Charles mengatakan, undang-undang lain yang ia maksud adalah Undang-Undang tentang Informasi dan Transaksi Elektronik (UU ITE), dan Kitab Undang-Undang Hukum Pidana (KUHP).
"Dalam berbagai perdebatan, ya, dan masukan yang kami terima dari beberapa stakeholder alangkah baiknya apabila aturan sanksi pidana yang sudah diatur dalam UU lain tidak lagi diatur di UU PDP," kata Charles dalam diskusi virtual bertajuk 'Urgensi Otoritas Pengawas Independen dalam Perlindungan Data Pribadi', Senin (10/8/2020).
Charles juga mengatakan, aturan sanksi yang sudah diatur dalam UU lain tak diatur lagi dalam RUU PDP agar tidak terjadi tumpah tindih.
"Sanksi yang sudah diatur UU lain, sehingga akan tumpang tindih, kalau kita perhatikan dari UU yang sudah ada UU ITE, KUHP itu kan pasal-pasal dalam UU yang ada pun sudah bisa menjerat orang-orang yang menyalahgunakan data pribadi," ujarnya.
Lebih lanjut, Charles menjelaskan, sanksi dalam RUU PDP dititikberatkan pada pemberian sanksi denda dan admistrasi.

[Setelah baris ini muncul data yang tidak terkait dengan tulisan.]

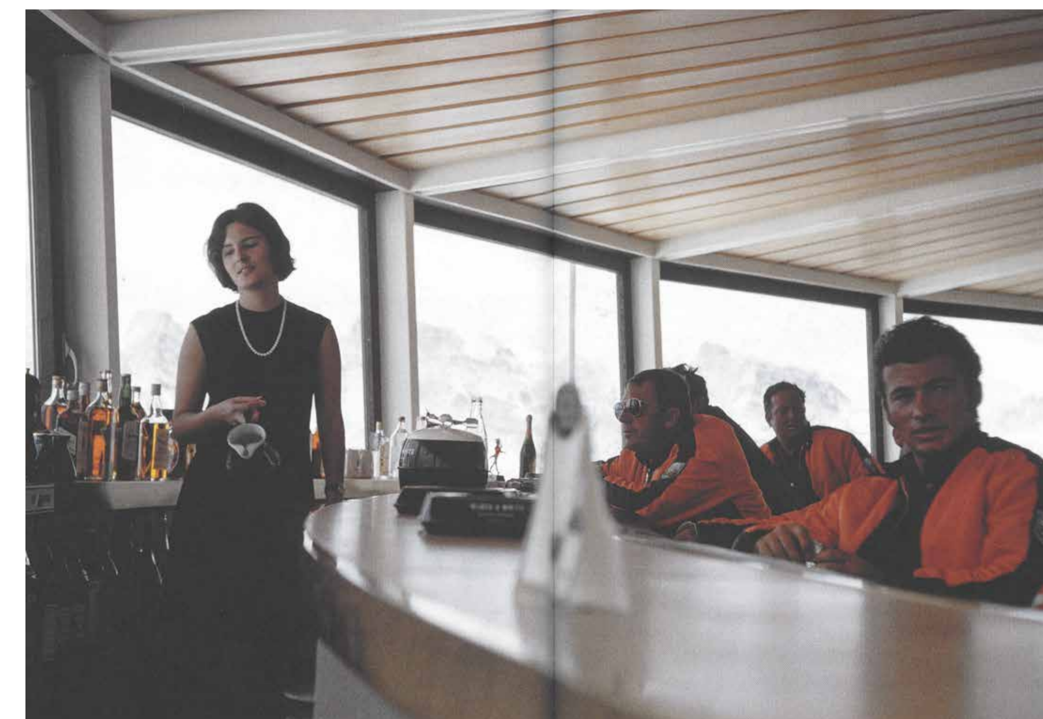
Schilthorn – Bar für Bondfilm, Aus: James Bond und die Schweiz, im Besitz von Rolf Heimlinger
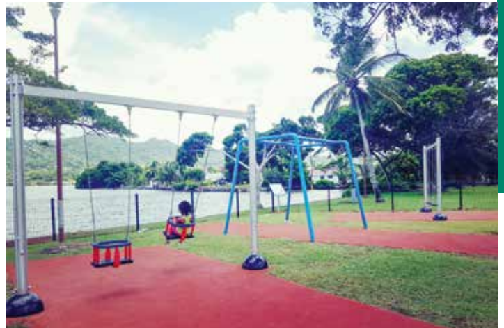
Aire de jeux de la place des cités unies.
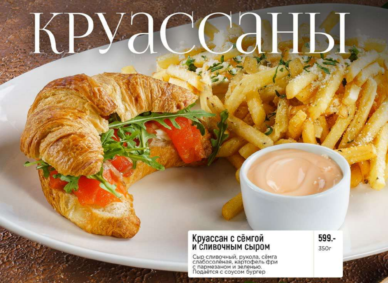
Круассан с сёмгой и сливочным сыром 599.- 350г Сыр сливочный, руккола, сёмга слабосоленая, картофель фри с пармезаном и зеленью. Подается с соусом бургер
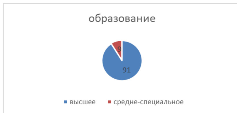
Диаграмма с характеристиками кадрового состава ЦО «Непоседа»

Образовательный ценз педагогов: высшее образование имеют – 10 человек (91%); среднее специальное образование – 1 человека
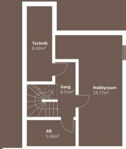
KELLERGEHOSS WNF 47,40m 2
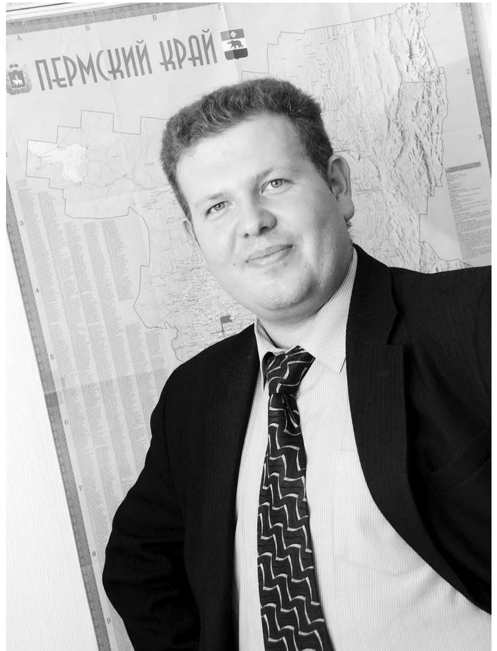
Сейчас кадры, которые выпускает наша фармакадемия, одни из лучших в отрасли.

Последний раз я был в больнице наверно еще в школе. Таблетками не увлекаюсь и стараюсь жену и дочь тоже сильно к таблеткам не приучать. Простуду и кашель на начальных стадиях стараемся пресечь фитотерапией. Это ингаляции с эфирными маслами, масло шалфея, эвкалипта,
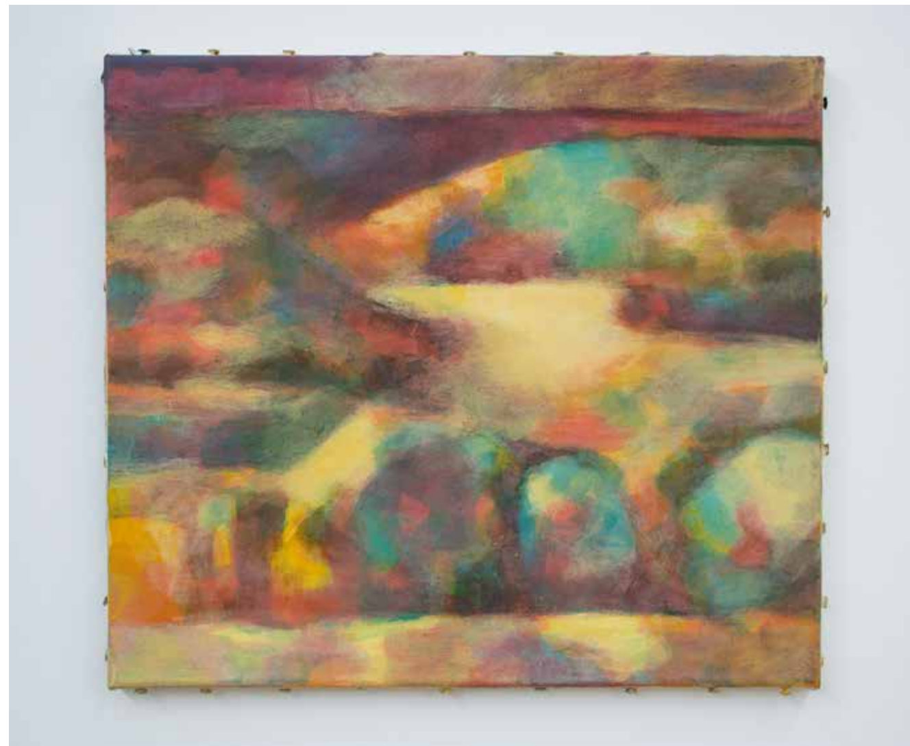
Landschaft bei La Villa, Italien, Eitempera auf Halbkreidegrund auf Leinwand, 39,5 x 45 cm, 1984

Die ausgewählte Arbeit ist in Italien in der Toskana entstanden. Dort haben G. und ich oft viele Wochen am Stück in der Landschaft gearbeitet. Stimmungen von besonderer Intensität haben mich beim Malen erfüllt, das phantastische Licht, die Weite und Stille dieser alten Landschaft.
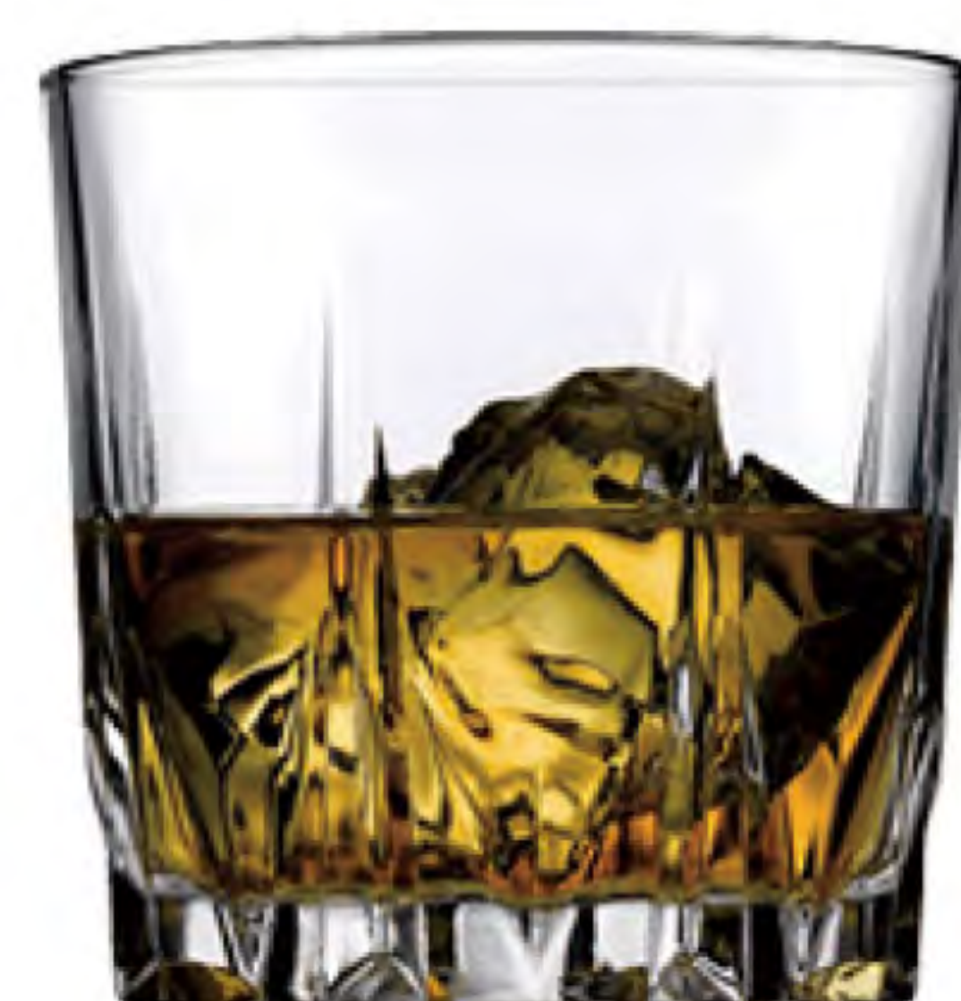
P-52885 300cc 威士忌杯 H:87mm Φ:85mm
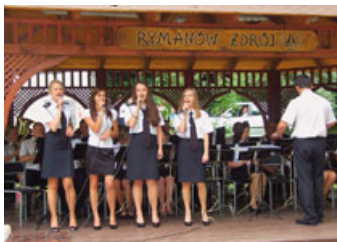
Przeгляд Orkiestr Dętych – strona 5
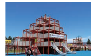
キュービックコネクション
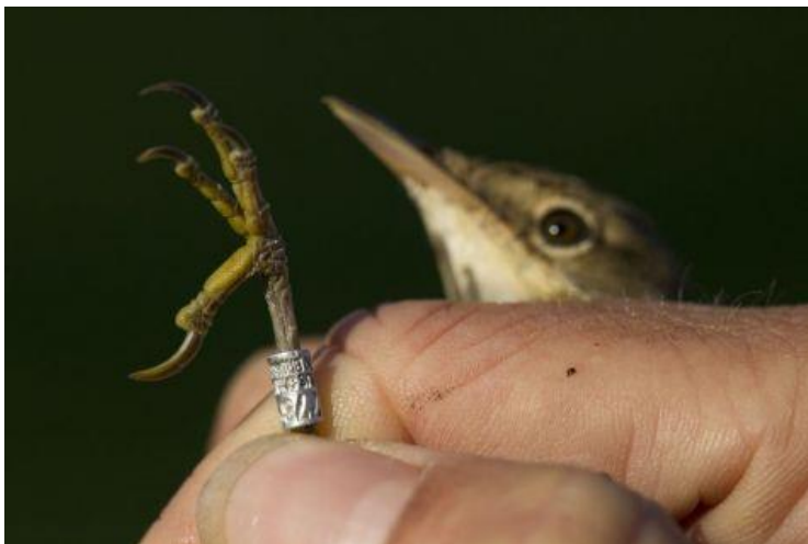
Gevangen kleine karekiet met ring

Trekkende zangvogels zoals de kleine karekiet zijn in de gebieden waar ze overwinteren erg afhankelijk van het voedselaanbod. Nederlandse kleine karekieten overwinteren waarschijnlijk voor het grootste deel in de mangrovebossen langs de kust van Senegal tot aan Guinea-Bissau, zo is onlangs gebleken uit intensief telwerk in deze gebieden. Als er in de Sahel weinig regen valt in de nazomer en het najaar, geldt dat doorgaans ook voor de West-Afrikaanse kust. Droge seizoenen pakken negatief uit voor kleine karekieten, die in de winter problemen krijgen met het aanleggen van een vetvoorraad voor de voorjaars trek. Door de droogte zijn er dan simpelweg te weinig insecten te vinden.
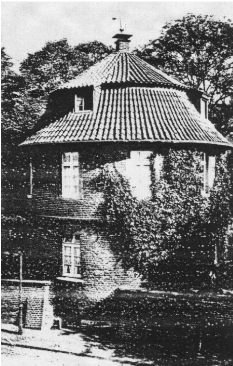
Der Pulverturm um 1930

Am 21. März 1945, kurz vor Ende des 2. Weltkrieges, brannte dieses historische Schmuckstück am Schützenring bei der Bombardierung Coesfelds völlig aus. Nur das Kellergewölbe und das Erdgeschoß mit mehr als ein Meter dicken Mauern widerstanden dem schweren Bombenhagel. Erst einige Jahre nach dem Krieg erfolgte der Wiederaufbau mit einfachem Kegeldach. Fünfzig Jahre, bis 1997, diente der Turm dann einer Coesfelder Familie als lieb gewonnene Wohnung. Wegen der hohen Restaurierungskosten und der großen Finanzschwäche der Gemeinden dauerte es geraume Zeit, bis man sich im Rathaus schlüssig wurde ob der weiteren Verwendung. Der Stadtrat schloß den Verkauf dieses historischen und denkmalgeschützten Gebäudes aus. Im Sommer 2002 kam es zu einer Vereinbarung zwischen der Stadt und dem Heimatverein Coesfeld. Dieser erhielt den Pulverturm als sein neues Domizil, verpflichtete sich aber gleichzeitig, das Innere des Gebäudes grundlegend zu restaurieren. Die Restaurierungsarbeiten waren nur mit großzügiger
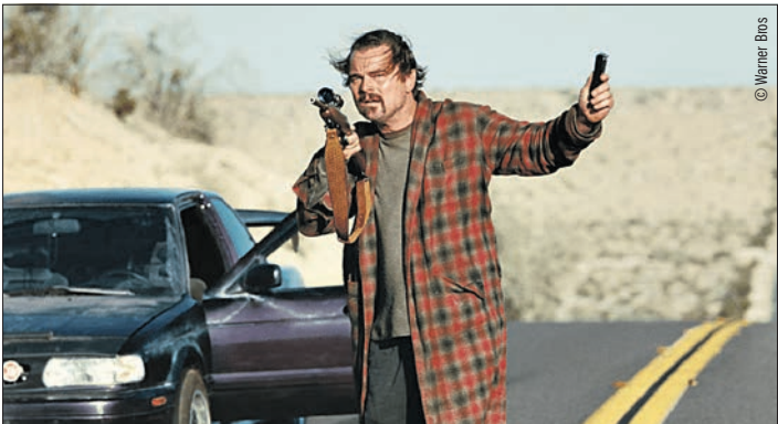
Bob (Leonardo DiCaprio), mitraille à la main, à la recherche de sa fille
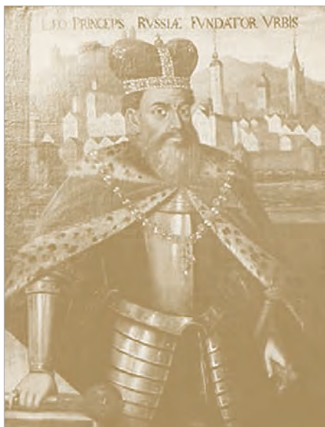
Князь Даниил Галицкий на фоне Львова. Портрет XVII в.

ходятся в крупнейших книгохранилищах и государственных архивах и доступны пока только посетителям десятка крупнейших российских библиотек. Есть проблема, которой следует уделить особое внимание. Дело в том, что в Интернете присутствие России достаточно фрагментарно. Отсутствуют ключевые документы по истории на русском языке. Этот пробел, как подчеркнул М.В.Баранов, и намерен восполнить «Руниверс».
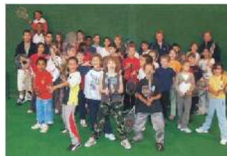
Photographies US Tennis.

Ce stage s'avère avoir été un moment fabuleux de partage et suscite des retours très positifs. L'enthousiasme des participants ne s'est jamais démenti et surtout pas, lors de la dernière journée ou nos jeunes joueurs ont pu assister au dernier Masters Série de l'année. Certains ont pu même obtenir des autographes de Richard GASQUET, Sébastien GROSJEAN, à l'issue de leur victoire en double. Que de souvenirs !
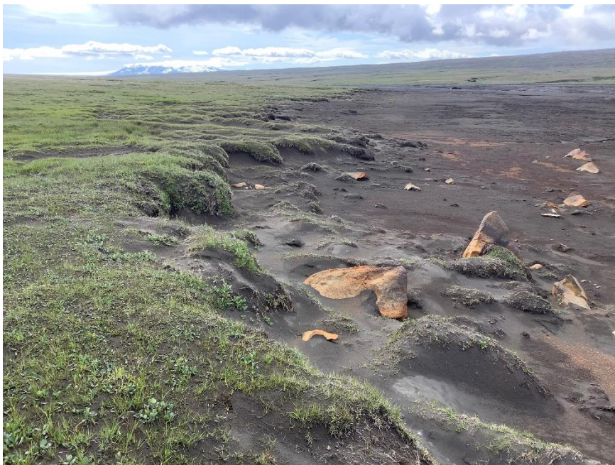
Gróinn bakki rofinn – mikið landbrot (lína 3).
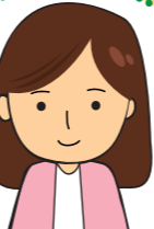
認知症地域支援推進員

Bさんへ 「お住まいの〇〇地区な ら、公民館で体操教室が 開催されていますよ。ほ かには…」
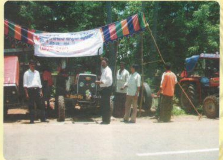
28-8-2007 నాడు టాప్ డివిజన్ నెల్లూరు వారు ఆమంచర్ల యందు నిర్వహించిన సర్వీసు క్యాంపు దృశ్యం.
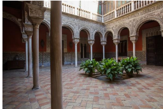
Casa de Salinas

(*): La subida a la Giralda tiene 34 rampas y una escalera final; por lo tanto, se hará de forma voluntaria.
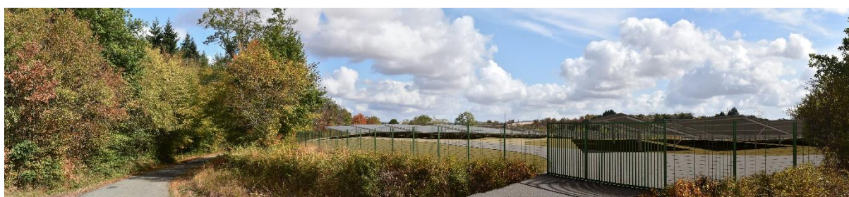
Photomontage 1 – Vue depuis la voie existante à l'Ouest du projet en direction de l'Est

... 80 000€/an de retombées fiscales et locatives sur l'ensemble des collectivités.
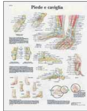
ARTICOLAZIONE PIEDE E CAVIGLIA art. 13.81.016 (cm. 112 x 37)
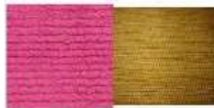
Gambar 11: Contoh Chenille
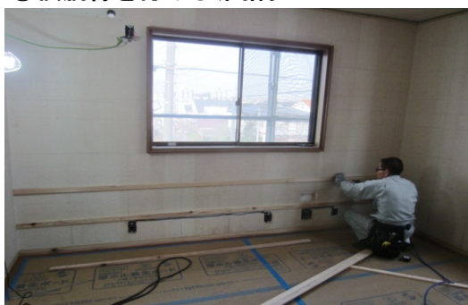
⑤横胴縁を付ける(間隔は455mm~303mm)
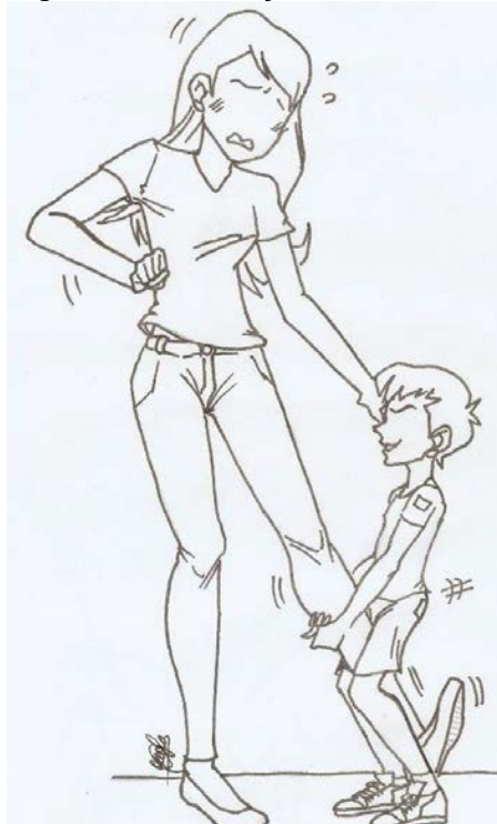
Figura 1 – Criança demonstrando sua sexualidade
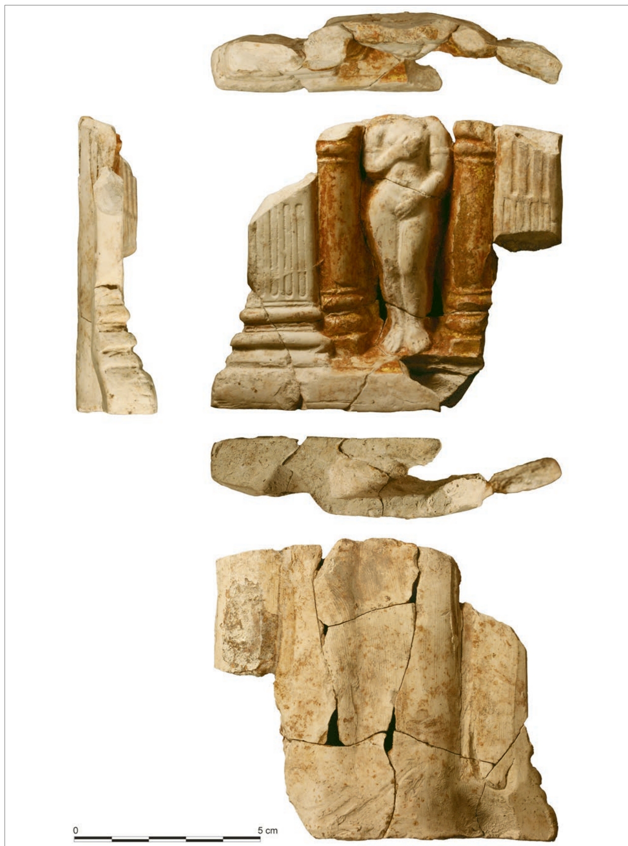
Fig. 1 – Reims, place de la République : figurine de la Vénus sous édicule.

extrémité. Selon l'iconographie connue, le haut de la niche devait être terminé par une conque radiée renversée. L'ensemble est encadré par des pilastres cannelés aux bases moulurées.

Ia mencontohkan, apabila dalam sebuah badan swasta terjadi kebocoran data, maka dengan adanya UU PDP dapat dijatuhkan sanksi denda atau admistrasi.
"Dan ini juga berlaku di negara-negara lain, kita mengacu pada GDPR (General Data Protection Regulation) negara-negara Eropa, mereka lakukan sanksi denda yang tidak kecil gitu terhadap badan-badan yang lalai dalam melakukan perlindungan data pribadi," pungkasnya.
Adapun, RUU PDP merupakan RUU inisiatif pemerintah dan masuk dalam Prolegnas prioritas tahun 2020.
Saat ini, RUU PDP dalam proses menerima masukan dari pakar, akademisi serta penyerahan DIM dari seluruh fraksi di DPR.